In the documentation in several places it is mentioned that there is a support of Akka Streams in Reactive Mongo streaming capabilities. Do you know if there are any code examples/documentation on this subject? I wasn't able to find anything here: http://reactivemongo.org/releases/0.11/documentation/tutorial/consume-streams.html or on this group.

Regards,
Jerry

Cédric Chantepie

unread,
Feb 20, 2016, 1:06:49 PM2/20/16
to ReactiveMongo - http://reactivemongo.org
Hi, you can have a look at https://github.com/cchantep/RM-AkkaStreams . Best regards.

Jerry Tworek

unread,
Feb 25, 2016, 5:38:32 AM2/25/16
to ReactiveMongo - http://reactivemongo.org
Hi Cedric,

Thank you for your example. I've played around with it and it works but I have a few questions about the mechanism, as I don't fully understand how reactive mongo/akka streams internals work in case of streaming mongodb cursors:

1. In your code, you consume the stream using Cusor.foldWhile and while folding you concatenate the singe-element-sources. That returns a Future[Source] as cursor is folded asynchronously, and then you make Source.fromFuture and foldMapMerge to get source of elements you've requested. My interpretation may not be correct, but the way I see it work, is that future is resolved only after all documents have ben retrieved from the cursor - the future will yield source with all elements concatenated already held in memory. That may result in a memory overflow when the collection is big as well as does not cooperate with backpressure signals of akka streams.

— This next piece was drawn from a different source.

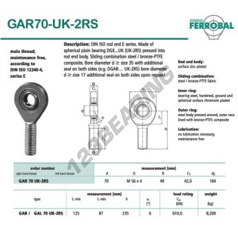 La Rótula Sa conocida como GAR70-UK-2RS-DURBAL DURBAL tiene un paso de rosca de , un diámetro interior de 70 mm, un diámetro exterior de 160 mm y un espesor de 49 mm.

2. Does ReactiveMongo cursors support some kind of backpressure mechanism? The way I see foldWhile - it needs an answer whether we want to fetch new item or close the cursor as soon as a previous document arrives. That is a bit different methodology from akka streams, where you're expected to push element after you've gotten a pull signal - a request for it. Do you know if implementing such mechanism is possible in reactive mongo?

Cédric Chantepie

unread,
Feb 25, 2016, 8:33:08 AM2/25/16
to ReactiveMongo - http://reactivemongo.org
The foldWhile allows to consume documents as soon as a MongoDB response is available, even if all the responses (all the result batches) are not yet received. That's how the new Iteratees module and the coming Akka Stream and RxScala modules are working. Best regards.

Cédric Chantepie

unread,
Feb 25, 2016, 10:16:56 AM2/25/16
to ReactiveMongo - http://reactivemongo.org
To be more complete, the Cursor.foldWhile "waits" each response/document partition is consumed (in the async consumption thread) before sending the next GetMore request to MongoDB, so unconsumed data must not accumulate in a "buffer".

Jerry Tworek

unread,
Feb 26, 2016, 10:26:41 AM2/26/16
to ReactiveMongo - http://reactivemongo.org
Hi Cedric,

Thank you for your answers. Maybe I was a bit unclear with my questions, so I'll try to rephrase:

1. foldWhile parameter suc - is a function used to process documents coming from mongodb. This function is synchronous. Because of that, the processing of entries cannot stop to wait for some asynchronous operation without blocking the thread by using e.g. Await.ready - doable but not nice. Waiting for the akka-streams sink to finish processing current batch is an example of such asynchronous operation. And backpressuring mechanism (making sure that source doesn't generate elements faster than sink can consume) is an important mechanism in akka streams.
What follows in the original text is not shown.